[Exercise material]
-=-=-=-=-
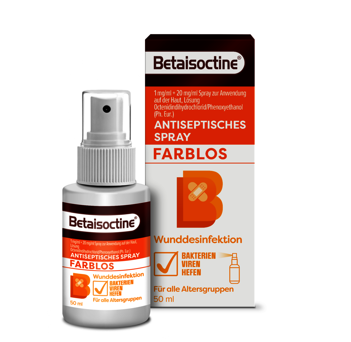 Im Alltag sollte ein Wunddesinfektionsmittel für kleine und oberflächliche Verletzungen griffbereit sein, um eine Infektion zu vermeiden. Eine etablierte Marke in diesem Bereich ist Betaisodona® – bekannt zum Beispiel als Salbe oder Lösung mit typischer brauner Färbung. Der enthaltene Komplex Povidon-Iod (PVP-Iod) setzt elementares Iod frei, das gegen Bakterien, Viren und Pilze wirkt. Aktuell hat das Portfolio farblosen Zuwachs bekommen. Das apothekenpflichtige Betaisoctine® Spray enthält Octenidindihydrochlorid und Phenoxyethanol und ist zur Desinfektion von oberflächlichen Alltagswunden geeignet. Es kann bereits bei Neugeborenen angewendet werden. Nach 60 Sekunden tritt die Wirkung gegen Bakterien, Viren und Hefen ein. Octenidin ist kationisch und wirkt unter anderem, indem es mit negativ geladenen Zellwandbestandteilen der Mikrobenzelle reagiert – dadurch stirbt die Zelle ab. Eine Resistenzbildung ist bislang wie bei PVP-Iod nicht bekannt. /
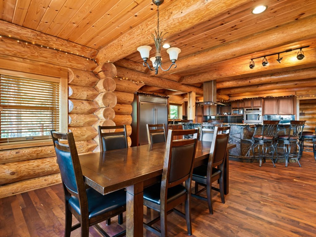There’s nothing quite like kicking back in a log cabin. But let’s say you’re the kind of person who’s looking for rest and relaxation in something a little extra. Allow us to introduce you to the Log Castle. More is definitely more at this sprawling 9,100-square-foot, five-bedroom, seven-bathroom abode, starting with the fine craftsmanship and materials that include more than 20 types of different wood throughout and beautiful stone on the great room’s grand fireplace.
-=-=-=-=-
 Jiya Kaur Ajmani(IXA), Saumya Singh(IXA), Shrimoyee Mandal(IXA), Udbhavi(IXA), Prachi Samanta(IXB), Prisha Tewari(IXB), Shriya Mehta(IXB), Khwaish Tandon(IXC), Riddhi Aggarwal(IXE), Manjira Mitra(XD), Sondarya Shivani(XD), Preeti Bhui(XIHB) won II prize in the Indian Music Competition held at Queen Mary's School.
-=-=-=-=-
Respond with the exact lines above running from the one containing "Im Alltag sollte" to the one containing "There’s nothing quite", both ends kept and no pictures included.

[Answer to this problem]
 Im Alltag sollte ein Wunddesinfektionsmittel für kleine und oberflächliche Verletzungen griffbereit sein, um eine Infektion zu vermeiden. Eine etablierte Marke in diesem Bereich ist Betaisodona® – bekannt zum Beispiel als Salbe oder Lösung mit typischer brauner Färbung. Der enthaltene Komplex Povidon-Iod (PVP-Iod) setzt elementares Iod frei, das gegen Bakterien, Viren und Pilze wirkt. Aktuell hat das Portfolio farblosen Zuwachs bekommen. Das apothekenpflichtige Betaisoctine® Spray enthält Octenidindihydrochlorid und Phenoxyethanol und ist zur Desinfektion von oberflächlichen Alltagswunden geeignet. Es kann bereits bei Neugeborenen angewendet werden. Nach 60 Sekunden tritt die Wirkung gegen Bakterien, Viren und Hefen ein. Octenidin ist kationisch und wirkt unter anderem, indem es mit negativ geladenen Zellwandbestandteilen der Mikrobenzelle reagiert – dadurch stirbt die Zelle ab. Eine Resistenzbildung ist bislang wie bei PVP-Iod nicht bekannt. /
There’s nothing quite like kicking back in a log cabin. But let’s say you’re the kind of person who’s looking for rest and relaxation in something a little extra. Allow us to introduce you to the Log Castle. More is definitely more at this sprawling 9,100-square-foot, five-bedroom, seven-bathroom abode, starting with the fine craftsmanship and materials that include more than 20 types of different wood throughout and beautiful stone on the great room’s grand fireplace.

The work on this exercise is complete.